──────── COLLECTED DATA
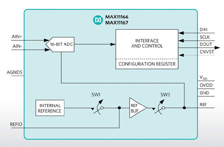 Maxim Integrated는 업계 최소 바이폴라 ±5 V, 16비트 아날로그디지털 컨버터(ADC)를 출시했다. MAX11166와 MAX11167은 소형의 9 mm2 패키지로 제공되며, 버퍼와 내부 레퍼런스를 통합한 12핀 16비트 바이폴라 ADC 제품이다. 이 고집적 ADC 제품은 Beyond-the-Rails™ 기술을 채택해 단일 +5 V 레일로 ±5 V 입력 신호를 지원할 수 있다. 따라서 음의 전원이 필요하지 않고 시스템 디자인을 간소화할 수 있다. 또한 500 ksps일 때 19.5 mW를 소비하고, 셧다운 모드 시 1 mA를 소비해 데이터 포착 시스템(DAS), 산업 제어 시스템/프로세스 제어, 의료용 장비, 자동화 테스트 장비(ATE) 등 정밀한 측정이 필요한 애플리케이션에 이용하기 적합하다. MAX11166 및 MAX11167은 2.5 V, 3 V, 3.3 V, 5 V 로직을 이용해서 SPI 호환 직렬 인터페이스를 통해 통신하며 샘플 레이트는 각각 500 ksps 및 250 ksps이다. 멀티채널 동시 샘플링 애플리케이션에서는 이 직렬 인터페이스를 이용해서 다중의 ADC를 데이지 체인으로 연결할 수 있다. 또한 이 직렬 인터페이스는 ‘busy’ 표시기 옵션을 제공해 시스템 동기화 및 타이밍을 간소화할 수 있다. 한편 새로운 고집적 ADC는 12핀 패키지(3 mm x 3 mm TDFN)로 제공되며 -40 °C ~ +85 °C 온도범위로 동작한다. 이들 제품의 확장 버전인 18비트 분해능 제품은 2013년 상반기에 출시할 예정이다.
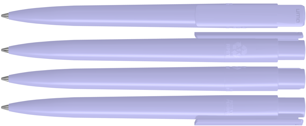 Druckkugelschreiber aus recyceltem PET-Material mit gedeckt glänzendem Gehäuse und Clip.
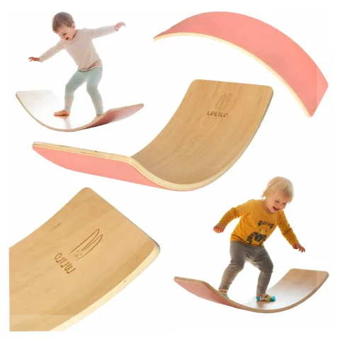 Deska do balansowania o zaokrąglonym kształcie do ćwiczeń równowagi dla dzieci i dorosłych. Z jednej strony jest wyłożona różowym filcem, dzięki czemu nie zarysowuje powierzchni. Do użytku w domu, w szkole, w świetlicy lub na sali gimnastycznej.
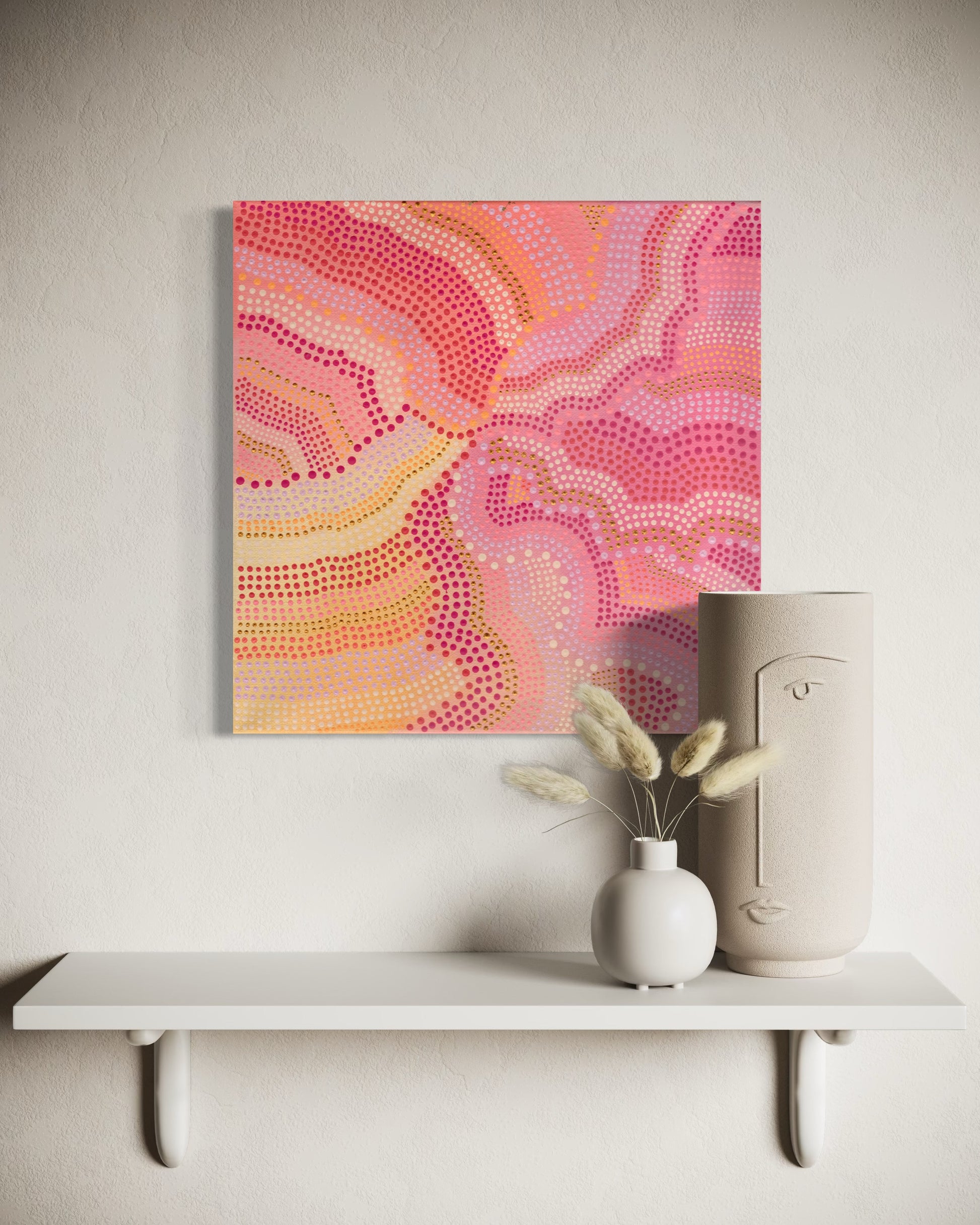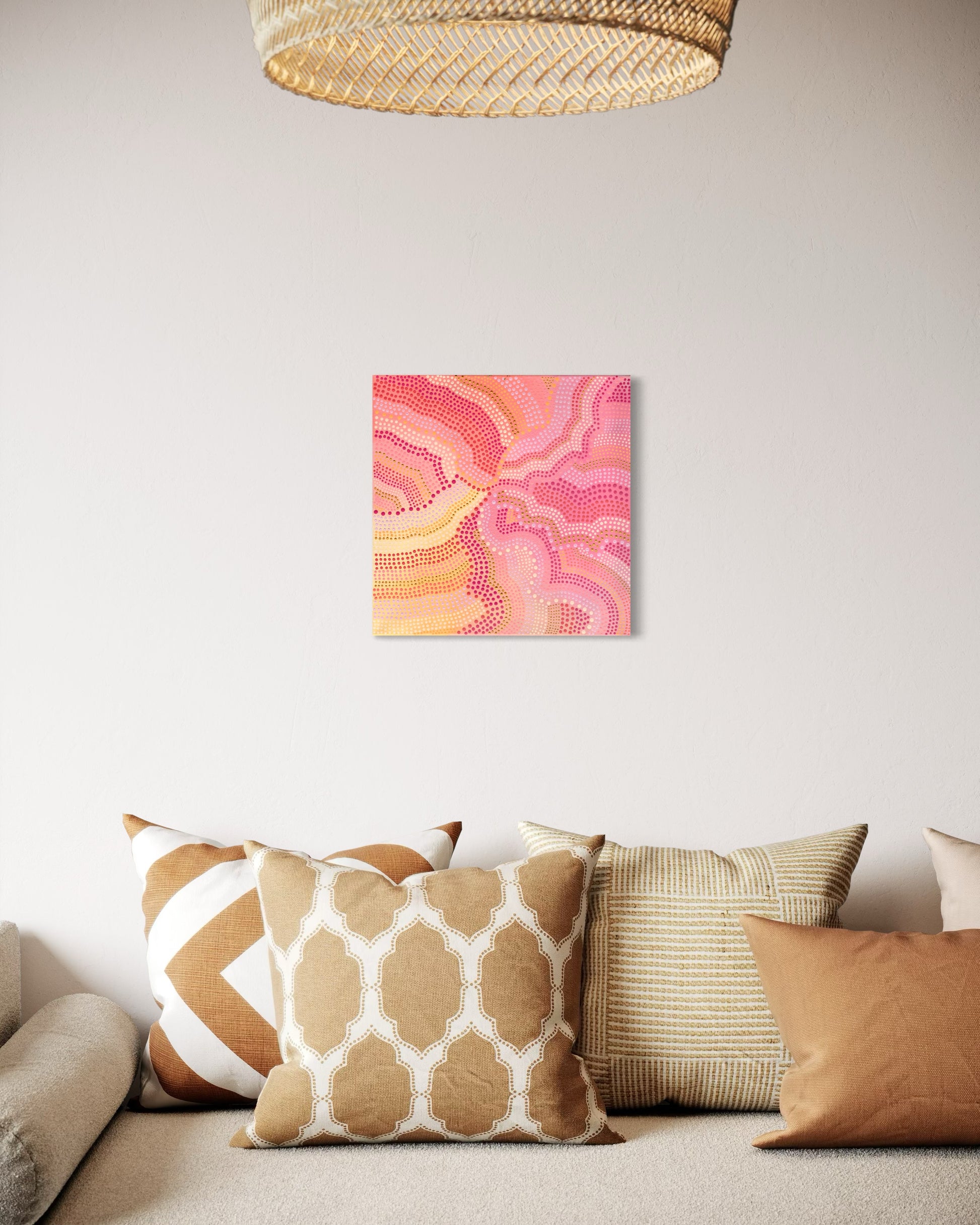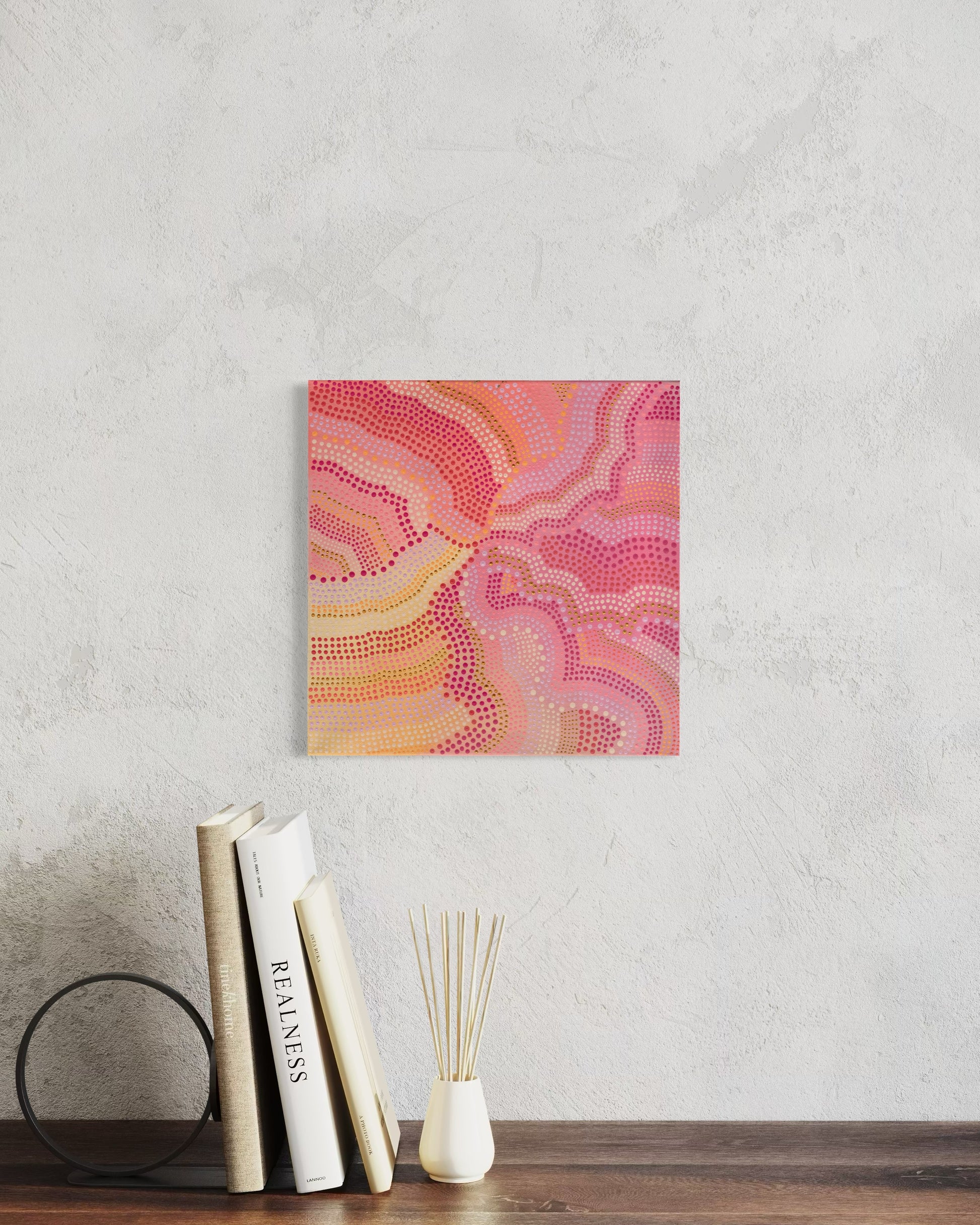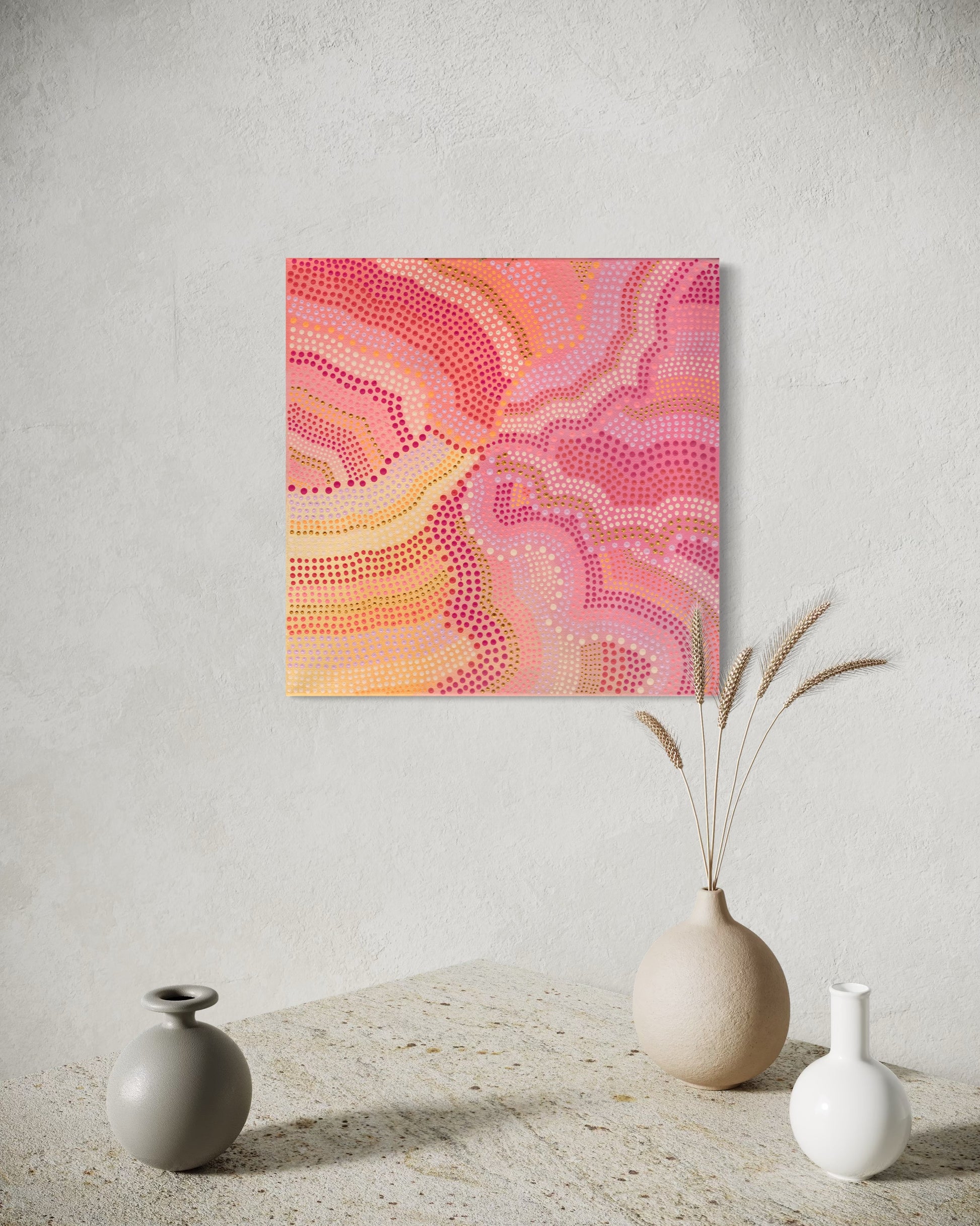 This painting represents Kaytetye country - Thangkenharenge, the traditional place name for Barrow Creek. As Kaytetye people, we are of this place. In this painting I have used colours inspired by sunrise and dot work to represent Country.
────────────────
Without the pictures, transcribe the listing exactly as it stands.

 Maxim Integrated는 업계 최소 바이폴라 ±5 V, 16비트 아날로그디지털 컨버터(ADC)를 출시했다. MAX11166와 MAX11167은 소형의 9 mm2 패키지로 제공되며, 버퍼와 내부 레퍼런스를 통합한 12핀 16비트 바이폴라 ADC 제품이다. 이 고집적 ADC 제품은 Beyond-the-Rails™ 기술을 채택해 단일 +5 V 레일로 ±5 V 입력 신호를 지원할 수 있다. 따라서 음의 전원이 필요하지 않고 시스템 디자인을 간소화할 수 있다. 또한 500 ksps일 때 19.5 mW를 소비하고, 셧다운 모드 시 1 mA를 소비해 데이터 포착 시스템(DAS), 산업 제어 시스템/프로세스 제어, 의료용 장비, 자동화 테스트 장비(ATE) 등 정밀한 측정이 필요한 애플리케이션에 이용하기 적합하다. MAX11166 및 MAX11167은 2.5 V, 3 V, 3.3 V, 5 V 로직을 이용해서 SPI 호환 직렬 인터페이스를 통해 통신하며 샘플 레이트는 각각 500 ksps 및 250 ksps이다. 멀티채널 동시 샘플링 애플리케이션에서는 이 직렬 인터페이스를 이용해서 다중의 ADC를 데이지 체인으로 연결할 수 있다. 또한 이 직렬 인터페이스는 ‘busy’ 표시기 옵션을 제공해 시스템 동기화 및 타이밍을 간소화할 수 있다. 한편 새로운 고집적 ADC는 12핀 패키지(3 mm x 3 mm TDFN)로 제공되며 -40 °C ~ +85 °C 온도범위로 동작한다. 이들 제품의 확장 버전인 18비트 분해능 제품은 2013년 상반기에 출시할 예정이다.
 Druckkugelschreiber aus recyceltem PET-Material mit gedeckt glänzendem Gehäuse und Clip.
 Deska do balansowania o zaokrąglonym kształcie do ćwiczeń równowagi dla dzieci i dorosłych. Z jednej strony jest wyłożona różowym filcem, dzięki czemu nie zarysowuje powierzchni. Do użytku w domu, w szkole, w świetlicy lub na sali gimnastycznej.
 This painting represents Kaytetye country - Thangkenharenge, the traditional place name for Barrow Creek. As Kaytetye people, we are of this place. In this painting I have used colours inspired by sunrise and dot work to represent Country.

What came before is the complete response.